## Collected material
== Segment start ==

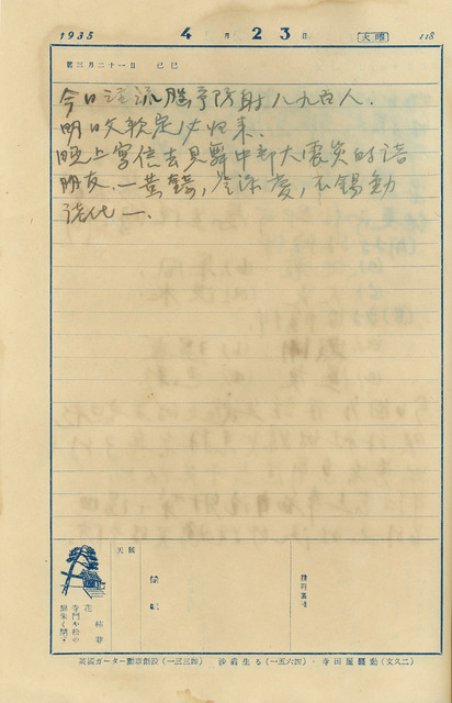 西曆日期:1935/4/23/他類日期:昭和10年4月23日
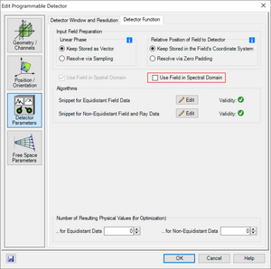 - First ensure that the snippet of your detector returns one and only one list of physical values as a result. Take care that the right snippet is executed during your simulations. Furthermore, for technical reasons, the number of physical values made available for parametric optimization must be specified in the edit dialog of the detector. If this number is lower than the actual number of physical values in the detector results, then not all the physical values delivered by the detector will be available as merit function constraints. In contrast, if this number is larger than the actual number of physical values in the detector results, the resulting target function might be non-computable and thus the parametric optimization might fail.
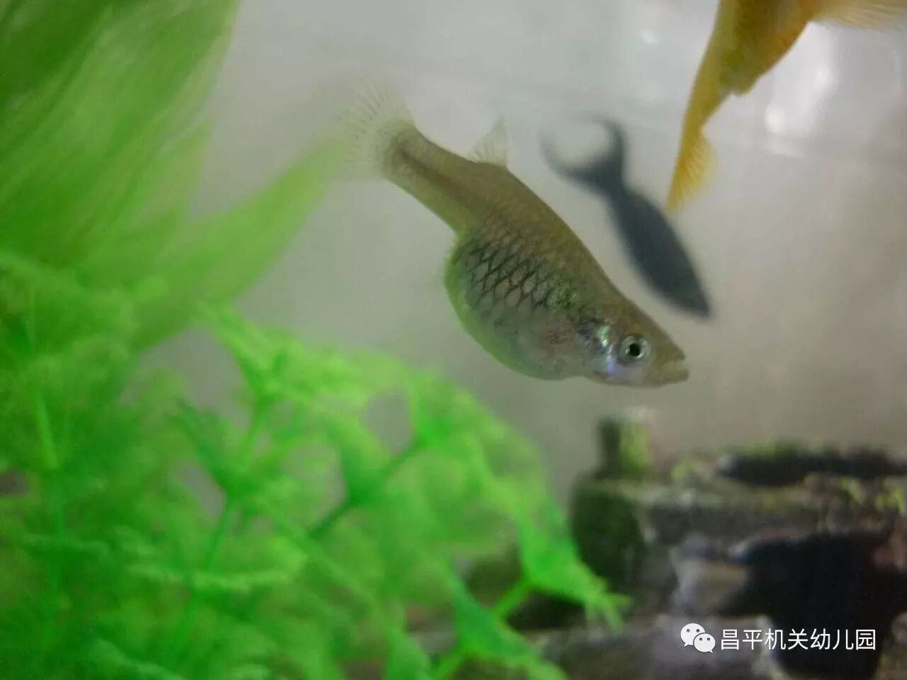 刘佳钰:这条孔雀鱼还在角落里躲着,不出来。

== Segment end ==

## Problem details
Print the full listing above again with exact wording and no images.

## Response to the exercise
 西曆日期:1935/4/23/他類日期:昭和10年4月23日
 - First ensure that the snippet of your detector returns one and only one list of physical values as a result. Take care that the right snippet is executed during your simulations. Furthermore, for technical reasons, the number of physical values made available for parametric optimization must be specified in the edit dialog of the detector. If this number is lower than the actual number of physical values in the detector results, then not all the physical values delivered by the detector will be available as merit function constraints. In contrast, if this number is larger than the actual number of physical values in the detector results, the resulting target function might be non-computable and thus the parametric optimization might fail.
 刘佳钰:这条孔雀鱼还在角落里躲着,不出来。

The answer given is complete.